Vivo em fevereiro em 2020, o advogado cidadão acaso poderia estar enterrado em um cemitério no ano passado?

 Criação perversa

Frase solucionática entreouvida ontem, na rádio-corredor da OAB de Brasília, num grupo de desencantados com os prováveis candidatos à sucessão de Bolsonaro: “Vamos lançar a chapa Dráuzio Varella/Gabigol para concorrer à Presidência em 2022”.

Em seguida, alguém complementou: Gleisi Hoffmann seria a ministra da Casa Civil, em caso de vitória. E o namorado dela, o ex-senador Lindbergh Farias (PT-RJ), poderia optar: o Ministério da Economia, ou a presidência da Caixa Federal.

 Discriminação insensível

O Tribunal Superior do Trabalho determinou a reintegração de um empregado da Brasdril Sociedade de Perfurações Ltda.
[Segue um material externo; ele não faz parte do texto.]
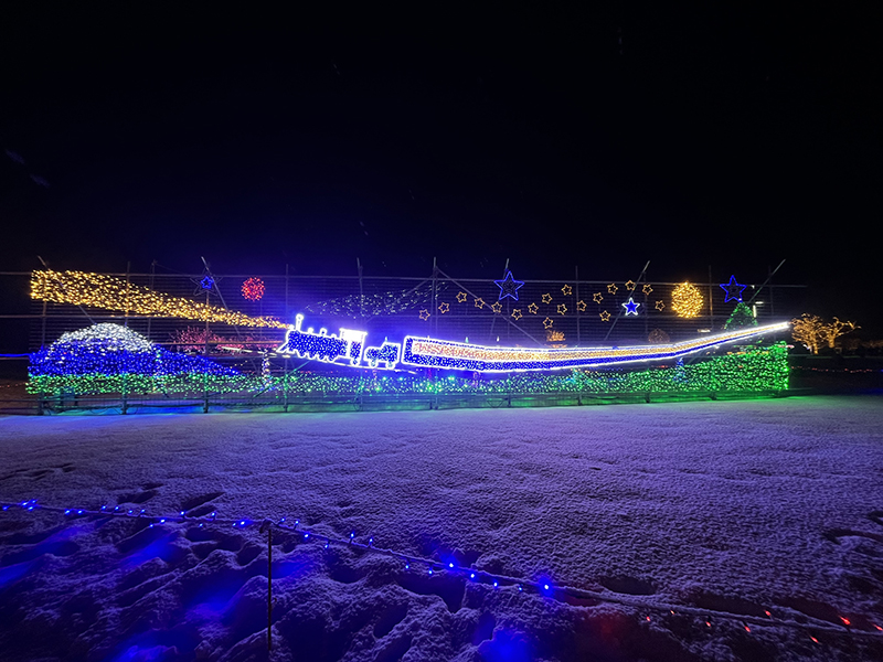 冬季のイルミネーションイベント。雪景色とライトアップのコンビネーション。
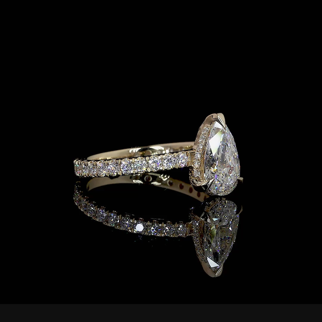 AVENELLE Pear Diamond Hidden Halo Ring | 2.77 cts | 14K Yellow Gold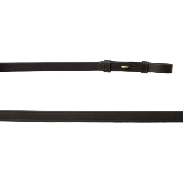 Soft, flat leather reins with stops. Product specifications: 20 mm leather With 14 stops Concealed closures Material: Leather and metal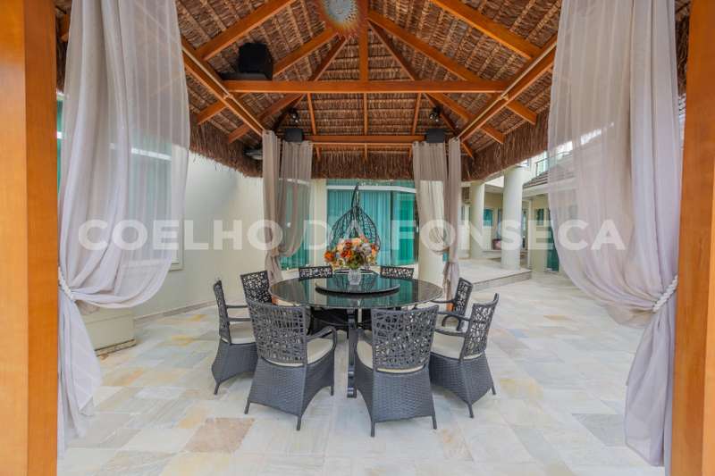 Casa no condomínio TAMBORÉ III, com 990m² área construída, 5 dormitório(s), 5 suíte(s), 3 vaga(s), 7 banheiro(s), piscina, esquina, escritório, sauna, ar condicionado, dep. de empregados, varanda, aquecedor solar.
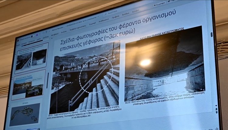 Ενώ η επόμενη διαφάνεια δείχνει κάτω απ' τη γέφυρα, ότι πρέπει να γίνει ένα έργο που είναι έτοιμο καιρό, της τάξεως των 3 εκατομμυρίων σύν, προκειμένου να αποκατασταθεί η γέφυρα, διότι με τα χρόνια ο οπλισμός έχει χαλάσει και υπάρχει μελέτη από το Δημοτικό Λιμενικό Ταμείο, εδώ και κάποια χρόνια.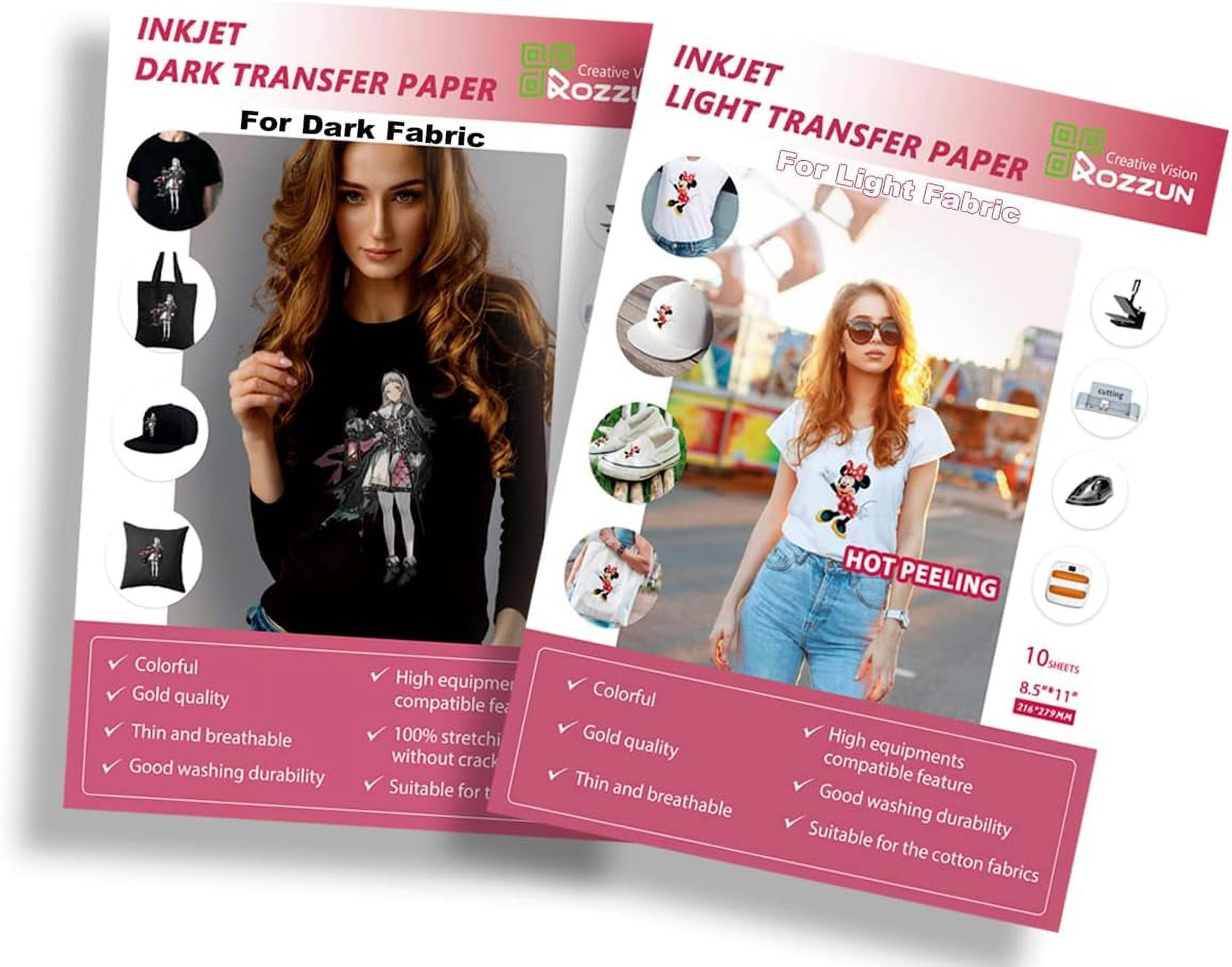 Activities Printable Iron-On Heat Transfer Paper for Dark & Light Fabrics, 8.5x11” US Letter Size to Print for T Shirts and DIY Projects, 20 Sheets (Dark & Light Transfer Paper for Inkjet Printers)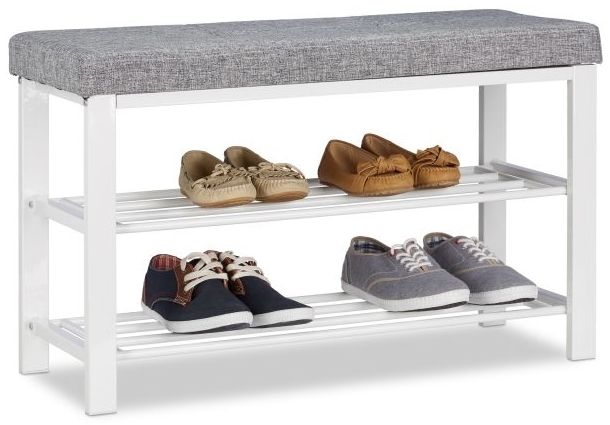 Die Relaxdays Schuhbank mit Polster vereint Funktionalität und Stil. Sie bietet einen bequemen Platz zum An- und Ausziehen Ihrer Schuhe und verfügt über 2 Ebenen, die Platz für 6 bis 8 Paar Schuhe bieten. Das graue Design fügt sich harmonisch in jeden Raum ein. Die Metallstangen sind mit Bodenschonern ausgestattet, um Kratzer zu vermeiden, und die Reinigung erfolgt mühelos mit einem feuchten Lappen. **Highlights** - Kombination aus Schuhregal und Sitzbank - Gemütliches Sitzpolster mit Stoffbezug - Platz für 6 bis 8 Paar Schuhe auf 2 Ebenen - Bodenschoner verhindern Kratzer - Dekoratives Design in Grau **Produkteigenschaften** - Abmessungen: H x B x T: 50 x 81 x 32 cm - Fläche je Ablage: B x T: 77 x 26 cm - Material: Stoff, pulverbeschichtetes Metall, MDF - Gewicht: ca. 6,6 kg **Lieferumfang** - 1 x Schuhbank in Einzelteilen - Mit Montagematerial - Mit Anleitung - Dekoartikel sind im Lieferumfang nicht enthalten

Ele fora dispensado uma semana depois de retornar de afastamento para tratamento de câncer do reto em estado avançado. Conforme o julgado, “a dispensa foi presumidamente discriminatória”.

Contratado em junho de 2008 como operador de torre, em plataforma de petróleo da Petrobras, na Bacia de Campos (RJ), em maio de 2011, com o diagnóstico da doença, o trabalhador teve de ficar afastado por quase dois anos. Ao retomar suas atividades, em março de 2013, fora demitido. Terá direito aos salários que não foram adimplidos. (RR nº 462-45.2015.5.17.0191).

 Quem casa, quer casa

Esta nota - que bem poderia se enquadrar na série “A Fila Anda” - está na apreciada coluna do jornalista Ancelmo Gois, hoje no jornal O Globo. Diz assim:

“A advogada Adriana Ancelmo pediu de volta o apartamento da Rua Aristides Espinola, onde ela morou com Sergio Cabral, que tinha sido alugado. Metade dos aluguéis vai para ela, a outra metade é depositada em favor da 7ª Vara Criminal Federal, por decisão do juiz. Ela pretende morar lá com o novo namorado.

Aliás, Adriana não é legalmente casada com o ex-governador. Quando eles brigaram, em 2011, divorciaram e nunca voltaram a casar”.